Acórdão nº 632/10.9PBAVR.C1 de Court of Appeal of Coimbra (Portugal), 24 de Abril de 2012

Magistrado ResponsávelORLANDO GONÇALVES
Data da Resolução24 de Abril de 2012
EmissorCourt of Appeal of Coimbra (Portugal)

Relatório Pela Comarca do Baixo Vouga - Aveiro - Juízo de Média Instância Criminal - Juiz 2 , sob acusação do Ministério Público, foi submetido a julgamento em processo comum, com intervenção do Tribunal Singular, o arguido A...

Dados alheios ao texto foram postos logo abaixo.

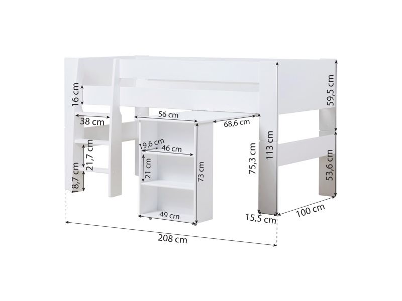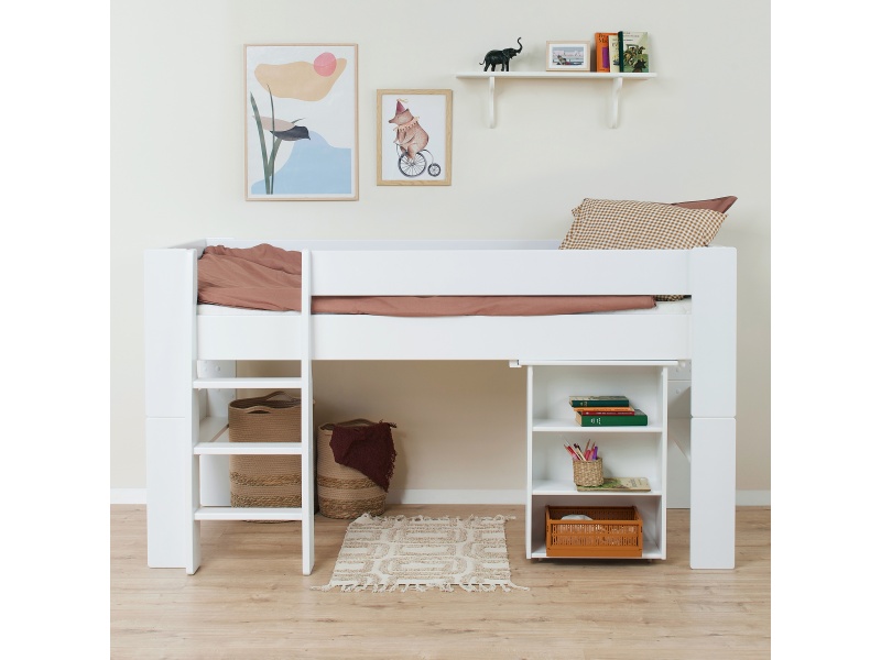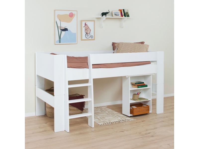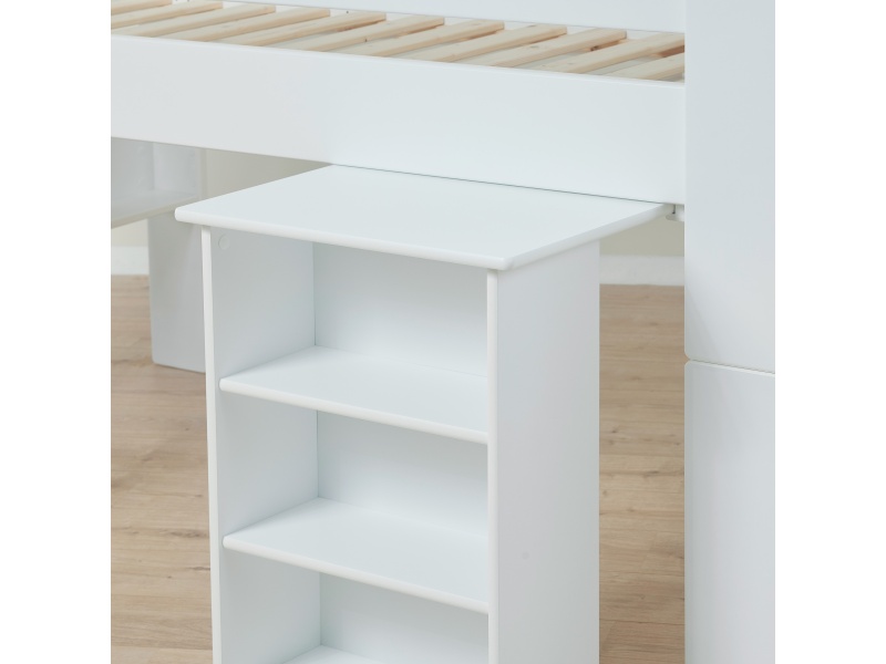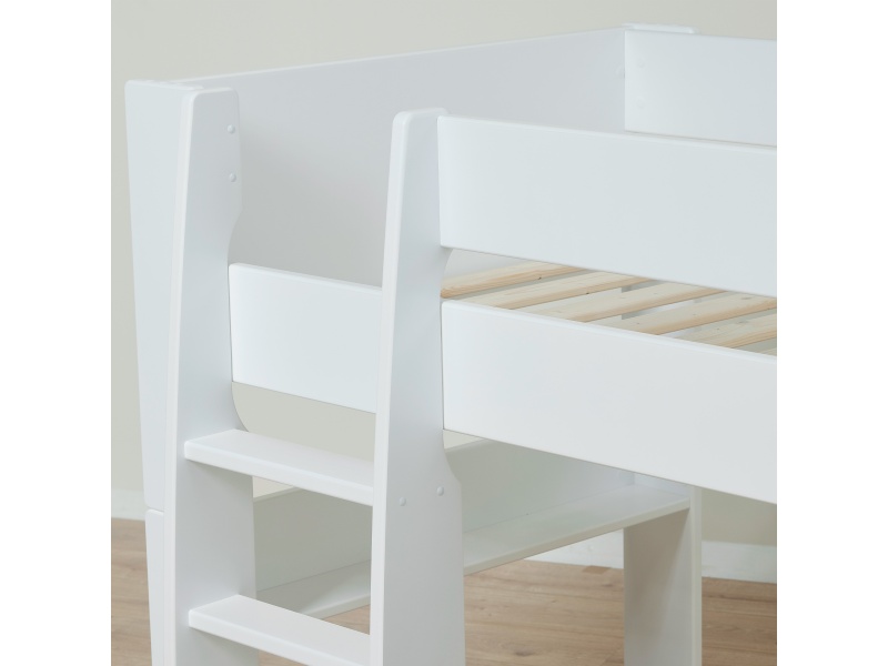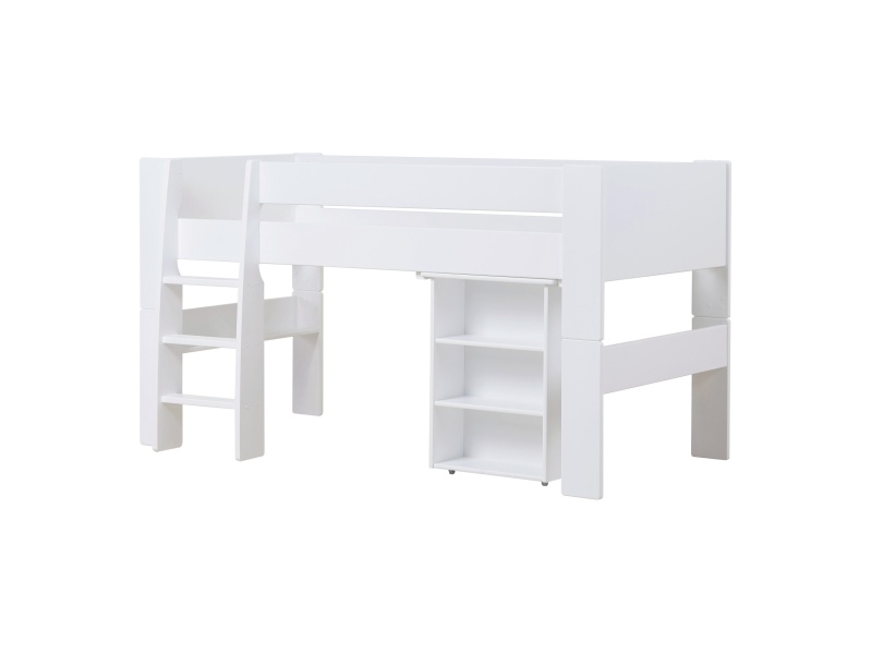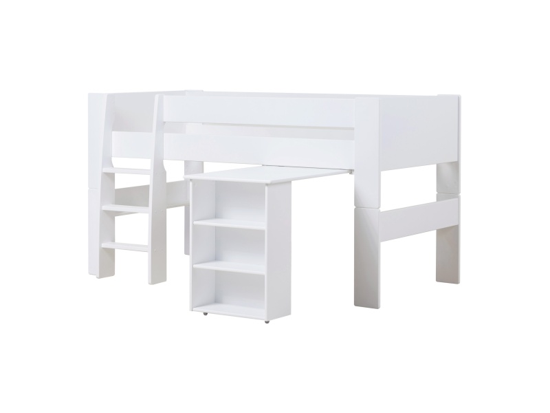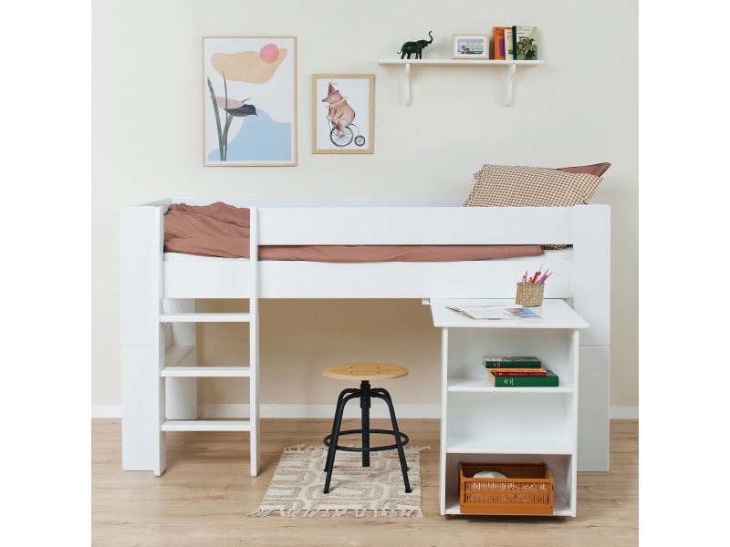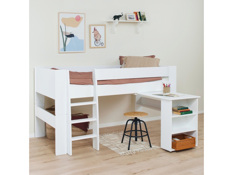Hoppekids Pure poolkõrge voodi lauaga 90x200cm valge

, residente na Rua … Aveiro, imputando-se-lhe a prática dos factos constantes de fls. 259 a 262, pelos quais teria cometido, em autoria material, um crime de violência doméstica, p. e p. pelo art.152.º, n.º1 , alínea b) do Código Penal e um crime de detenção de arma proibida, p. e p . pelo art.86.º, n.º 1, alínea d) da Lei 5/2006, de 23 de Fevereiro.

Realizada a audiência de julgamento – no decurso do qual foi comunicada, por despacho de folhas 317, uma alteração da qualificação jurídica dos factos da acusação, nos termos do art.358.º, n.ºs 1 e 3 do C.P.P. – o Tribunal Singular, por sentença proferida a 15/12/2011, decidiu julgar parcialmente procedente a acusação do Ministério Público e, consequentemente: - Absolver o arguido A..., do crime de violência doméstica que lhe era imputado; - Julgar válida e relevante a desistência de queixa, que se homologa, declarando extinto o procedimento criminal instaurado contra o mesmo arguido quanto a uma parte dos factos apurados e que processualmente são susceptíveis de integrar um crime de injúria, dois crimes de ameaça e dois crimes de ofensa à integridade física simples p. e p., respectivamente, nos arts. 181.º, 153.º n.º 1 e 143.º n.º 1, todos do Código Penal (arts. 116.º , n.º 2, 117.º, 143.º, n.º 2, 153.º, n.º 2 e 188.º, todos do Código Penal e art. 51.º, n.º 2 do CPP).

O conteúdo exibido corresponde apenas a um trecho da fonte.